The Legislation consists of a new law and the revision of 10 existing laws. The linkages among the various stipulations are so complicated that even expert practitioners cannot understand the whole picture easily. It is conceivable that the technical nature of the legislation aroused the media’s criticism, which then influenced foreign media coverage and Japanese public opinion.

This commentary surveys the purpose and process of the Legislation and examines its significance in adapting the missions and mandates of the Japan Self-Defense Forces (JSDF) to a rapidly changing security environment.

Evolution of JSDF Missions and Mandates

The missions and mandates of the JSDF have been enhanced incrementally since the end of the Cold War (see Figure 1). The evolution took place generally on two tracks: One was to enable the JSDF to contribute more actively to international peace and security, and the other was to improve the effectiveness of JSDF primary missions such as national defense and domestic security. Japan’s security concerns have shifted from the potential for a direct military threat against the homeland, under the Cold War dynamic of East-West confrontation, to conflicts and instability in Northeast Asia and challenges against post–Cold War international order such as the proliferation of weapons of mass destruction (WMD) and terrorism. Accordingly, Japan’s defense policy has tried to keep pace with such changes and is now focused on expanding JSDF roles and missions as public perceptions of the JSDF have evolved. (For example, public opinion surveys after the Great East Japan Earthquake of March 2011, which placed a premium on effective humanitarian assistance and disaster relief, indicated the JSDF was the most trusted institution in government.)
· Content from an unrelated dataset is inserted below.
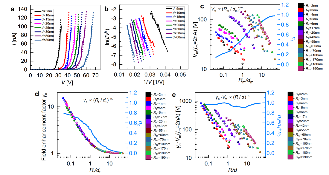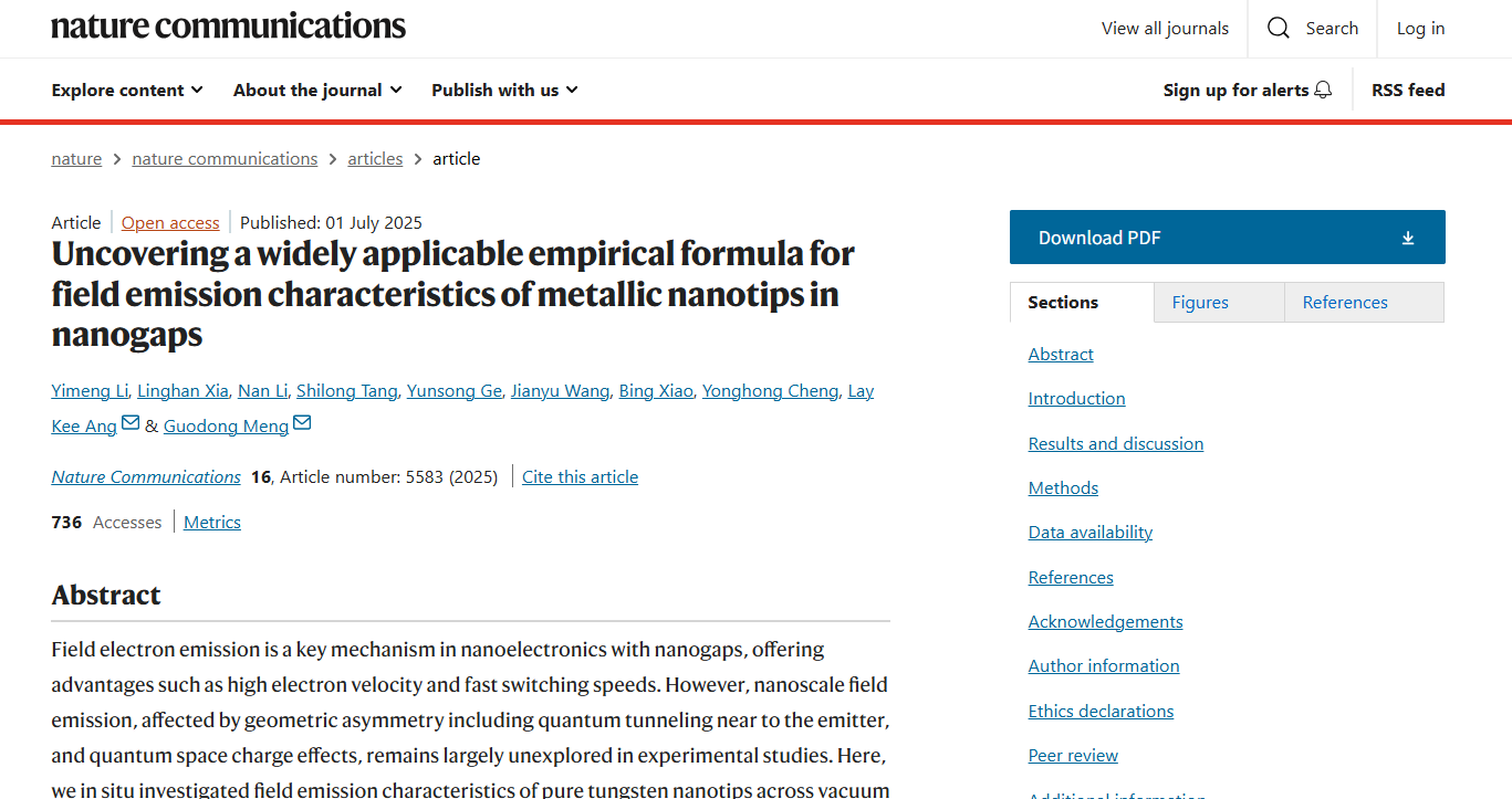 该研究成果以《揭示金属纳米尖端在纳米间隙中场发射特性的普适经验方程》(Uncovering a widely applicable empirical formula for field emission characteristics of metallic nanotips in nanogaps)为题在国际知名期刊《自然·通讯》(Nature Communications)发表,电气工程学院博士生李伊濛为论文第一作者,电气工程学院孟国栋教授为论文通讯作者,新加坡科技设计大学Ang Lay Kee教授为共同通讯作者。研究工作得到了国家自然科学基金面上项目、中央高校基本科研业务费、新加坡A*STAR AME IRG项目(M23M6c0102)、中国国家留学基金委项目等资助。西安交通大学微纳尺度材料行为研究中心(CAMP-Nano)在电镜原位测试方面,安徽泽攸科技有限公司在电镜样品杆方面对本研究给予了大力支持。

Advancements were designed to improve the capacity of the JSDF to: (i) respond to a current or developing situation; (ii) prevent the recurrence of a traumatic failure to respond, such as during the Gulf War when Japan did not support Operation Desert Storm and was criticized for “checkbook diplomacy”; and (iii) solve deficiencies and weaknesses recognized through day-to-day operations and studies in the domestic political arena. For example, a series of temporary laws, or “special measures,” enacted to support Operation Enduring Freedom (2001) and Operation Iraqi Freedom (2003), as well as an Anti-Piracy Act introduced in 2009 to counter a surge of piracy around Somalia, typically fall under the first category. The International Peace Cooperation Act of 1992, which authorized JSDF peacekeeping operations (PKOs) in Cambodia, was driven mainly by difficulties with limited military options during and after the Gulf War rather than a specific request from the UN Transitional Authority in Cambodia (UNTAC) and applies to the second category. Successive amendments to PKOs based on lessons learned in operations and recommendations by studies thereafter fall under the third category.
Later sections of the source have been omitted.